Sero Shirtmakers of New Haven (Bradford): Somehow diminished its name in the '80s, lost its Someguysname Ltd. retail customers and went into Ch. 11 bankruptcy. It was succeeded by newly owned and managed Sero Co., Inc., which moved the headquarters to Sero's sewing plant in Georgia in 1991. Hugestore states that Sero closed its factory in 1997. (The original Lands' End was a mail order nautical supply outfit that only sold one shirt, a regular Sero labelled Sero shirt.)

Eagle shirts were made in Allentown, Pa. and Eagle shirts were also private-labelled as men's speciality store brands. Crystal Brands had owned Eagle, as well as Gant, and closed Eagle in 1991 because, with a starting price of $52, demand for the brand had diminished to the point of being an economically unfeasible operation. Phillips-Van Heusen Corp. resurrected the brand in 2004 as a non-iron cotton department store brand in hopes of competing with the success of Brooks Brothers non-iron cotton shirts.

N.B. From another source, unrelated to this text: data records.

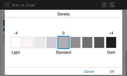 You can adjust the density of the background area for originals with colored backgrounds (newspaper, recycled paper, etc.) or originals that are so thin that text or images on the back would be scanned.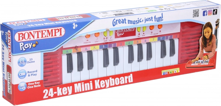 Bontempi Elektroniczne mini klawisze 24 klawisze przynoszą zabawę i interaktywność. Zawierają różne melodie i przydatne funkcje dla każdego małego muzyka.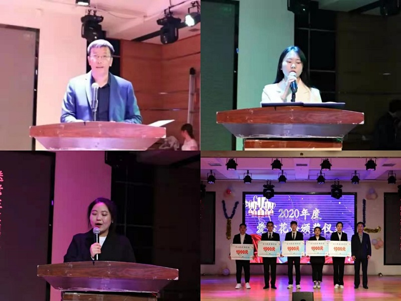 本次晚会在民族舞《大长今》的曼妙舞姿中拉开帷幕,首先由宗成文书记对2021届毕业生们送出最诚挚的祝福,接下来由爱心花语负责人刘爽为大家介绍爱心花语花艺工作室的历程,爱心花语秉承着“善举凝聚美”的理念连续几年在校内设立公益助学金。随后由吴荣哲主任为五名受助员工颁发共计5000元助学金,以此鼓励更多同学们积极创业,用所学知识回报社会,同时呼吁广老员工加入爱心花语团队,贡献青春力量。最后,由2018级园艺专业李竺洋作为员工代表发言,她表示今后将努力学习,用永不停歇的奋斗精神,回报祖国、回报社会。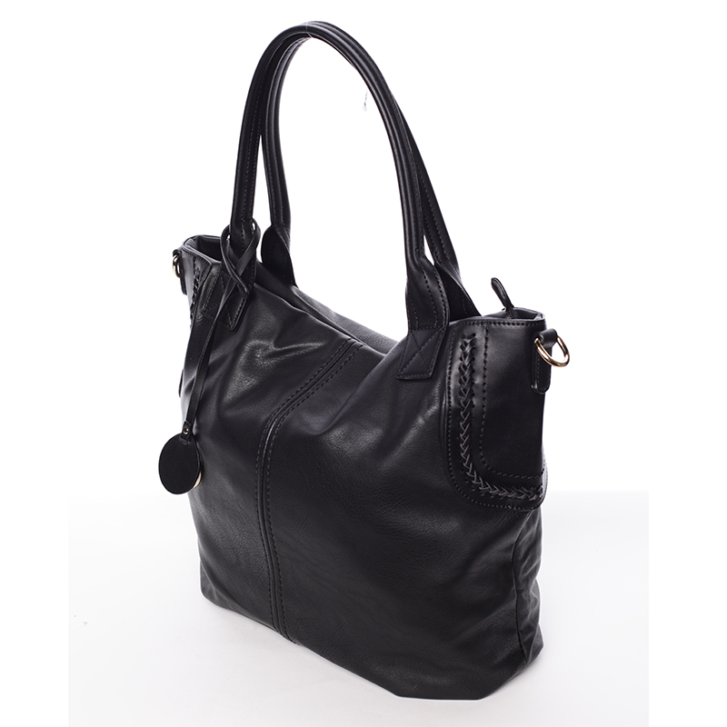 Krásná černá módní kabelka přes rameno s nastavitelným popruhem. Kabelka je měkká s pevným dnem, uvnitř prakticky rozdělena přepážkou na zip. Uvnitř má další kapsičky na drobnosti. Tato kabelka se hodí pro každodenní nošení do práce, do školy, či za zábavou. Novinka 2017!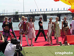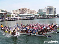 悉尼市2005年中國(guó)農(nóng)歷新年慶典活動(dòng)的壓軸戲——龍舟競(jìng)賽,于19日和20日在達(dá)令港隆重舉行。此次龍舟競(jìng)賽共有近百個(gè)龍舟隊(duì)參加,爭(zhēng)奪不同年齡組別的冠軍。上圖為開(kāi)幕典禮上的服裝表演。下圖為龍舟隊(duì)員戲水慶祝比賽開(kāi)幕.作者:劉雨生

Hathaway shirts had been made in Waterville, Maine since late in the 19th century. It was acquired by Connecticut based Warner's, later Warnaco, in the 1960s. Warnaco suffered a takeover in 1986 and was reorganized. The Hathaway division was neglected and the Waterville plant was closed in 1996.
An extensive article about Hathaway begins about 1/5 of the way down from the top > www.lostmag.com/issue14/things.php Things were looking up for Hathaway at one time > https://findarticles.com/p/articles/mi_m3638/is_8_40/ai_55609104 Then Ike Behar acquired and interest > https://findarticles.com/p/articles/mi_hb4298/is_200411/ai_n14979047 , moved Hathaway to Canada > www.hathawaystore.com and obfuscated Hathaway's Maine history on the web site. Go figure.


----------



## TMMKC (Aug 2, 2007)

philm said:


> Me too. I had them in high school and college. I've looked everywhere on the web with no luck. If you find the brown ones please let me know. I have a pair of cordovans Bass weejun I purchased from Shoebuy.com a couple of years ago, but hardly wear them; they seem to be cut higher and are definitely not the same as the old browns.

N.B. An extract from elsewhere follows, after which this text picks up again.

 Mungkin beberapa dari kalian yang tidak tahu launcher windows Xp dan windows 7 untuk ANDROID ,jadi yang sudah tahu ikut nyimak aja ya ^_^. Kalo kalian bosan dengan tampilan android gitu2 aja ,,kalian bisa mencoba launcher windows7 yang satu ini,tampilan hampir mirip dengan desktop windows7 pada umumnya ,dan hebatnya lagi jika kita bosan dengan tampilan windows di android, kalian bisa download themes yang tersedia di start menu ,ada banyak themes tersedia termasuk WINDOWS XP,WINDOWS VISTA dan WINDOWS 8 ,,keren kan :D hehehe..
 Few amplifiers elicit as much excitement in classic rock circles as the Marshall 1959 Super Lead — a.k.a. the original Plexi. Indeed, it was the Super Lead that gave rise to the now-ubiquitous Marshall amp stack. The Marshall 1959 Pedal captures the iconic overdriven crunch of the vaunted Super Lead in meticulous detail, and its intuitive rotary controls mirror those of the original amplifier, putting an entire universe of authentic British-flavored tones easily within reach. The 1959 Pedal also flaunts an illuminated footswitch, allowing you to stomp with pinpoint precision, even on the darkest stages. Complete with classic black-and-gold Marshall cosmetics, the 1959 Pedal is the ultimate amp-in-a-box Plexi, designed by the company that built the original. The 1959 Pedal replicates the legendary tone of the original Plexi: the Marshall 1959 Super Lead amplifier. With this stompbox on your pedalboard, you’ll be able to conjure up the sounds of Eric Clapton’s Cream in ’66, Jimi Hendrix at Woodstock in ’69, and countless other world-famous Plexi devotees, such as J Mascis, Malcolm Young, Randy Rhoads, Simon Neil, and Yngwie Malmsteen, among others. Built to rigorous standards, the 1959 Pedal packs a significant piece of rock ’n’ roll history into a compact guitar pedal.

Lands' End offers loafers in "English Tan" that look close to Weejuns ($154). LE also has some decent looking loafers on their clearence site. I believe TradTeacher bought some Sebago shoes that closely resemble the Bass models.

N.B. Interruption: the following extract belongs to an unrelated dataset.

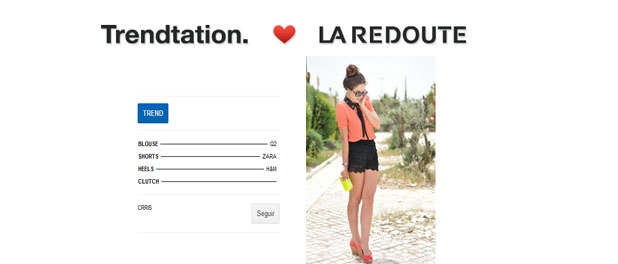 Con todo, era cuestión de tiempo que estas páginas dieran el salto definitivo e integraran el proceso de «clichar» el outfit y comprarlo directamente, sin tener que linkar hacia páginas externas o perderse en el marasmo de webs coreanas que suelen ser las proveedoras de la mayoría de prendas que vemos en estas sites extrangeras. Trendtation ha sido la primera en dar este paso y ayer anunciaba su partnership con La Redoute, web especialista en moda y decoración con gran presencia en Francia y con muchas ganas de conquistar los armarios españoles. Ahora, cuando los usuarios cuelguen sus outfits y las prendas que los compongan formen parte del increíble catálogo de La Redoute (que contiene más de 200 marcas), se podrá ir directamente a la web de compra para hacerse con lo deseado… Nunca hacerse con los lookazos más envidados de la red ha sido más fácil.

Back to the shirts...I'll check out that site. Thanks.


----------



## KenCPollock (Dec 20, 2003)

jamgood said:


> Sero Shirtmakers of New Haven (Bradford): Somehow diminished its name in the '80s, lost its Someguysname Ltd. retail customers and went into Ch. 11 bankruptcy. It was succeeded by newly owned and managed Sero Co., Inc., which moved the headquarters to Sero's sewing plant in Georgia in 1991. Hugestore states that Sero closed its factory in 1997. (The original Lands' End was a mail order nautical supply outfit that only sold one shirt, a regular Sero labelled Sero shirt.)
> 
> Eagle shirts were made in Allentown, Pa. and Eagle shirts were also private-labelled as men's speciality store brands. Crystal Brands had owned Eagle, as well as Gant, and closed Eagle in 1991 because, with a starting price of $52, demand for the brand had diminished to the point of being an economically unfeasible operation. Phillips-Van Heusen Corp. resurrected the brand in 2004 as a non-iron cotton department store brand in hopes of competing with the success of Brooks Brothers non-iron cotton shirts.
> 
> ...


This is all accurate as far as I know.
A little more info: the founder of Sero was the brother and co-founder of Gant Shirtmakers. After a falling-out, one went off and opened Sero. 
I worked in stores that sold them in the early 60's. Both companies first made shirts for private labels only, but the Gant became so popular that it began labeling the shirts with its own name. Sero began doing the same a few years later. 
They were largely identical, except that the Gant had the famous "locker loop" in the rear. Many people insisted on making sure that the shirt had the loop. I remember telling customers, even after the shirts were labelled "Gant," that they did not need to tear the packaging open, it was a Gant and it had the loop. However, for years the loop was better known than the Gant name.
Eagle was distinctive because of its breast pocket flap, which was a little bigger than the J. Press one.
Other Trad brands at that time:Wren and Creighton.


----------



## Mr. H (Aug 27, 2007)

jamgood said:


> Eagle shirts were made in Allentown, Pa. and Eagle shirts were also private-labelled as men's speciality store brands. Crystal Brands had owned Eagle, as well as Gant, and closed Eagle in 1991 because, with a starting price of $52, demand for the brand had diminished to the point of being an economically unfeasible operation. Phillips-Van Heusen Corp. resurrected the brand in 2004 as a non-iron cotton department store brand in hopes of competing with the success of Brooks Brothers non-iron cotton shirts.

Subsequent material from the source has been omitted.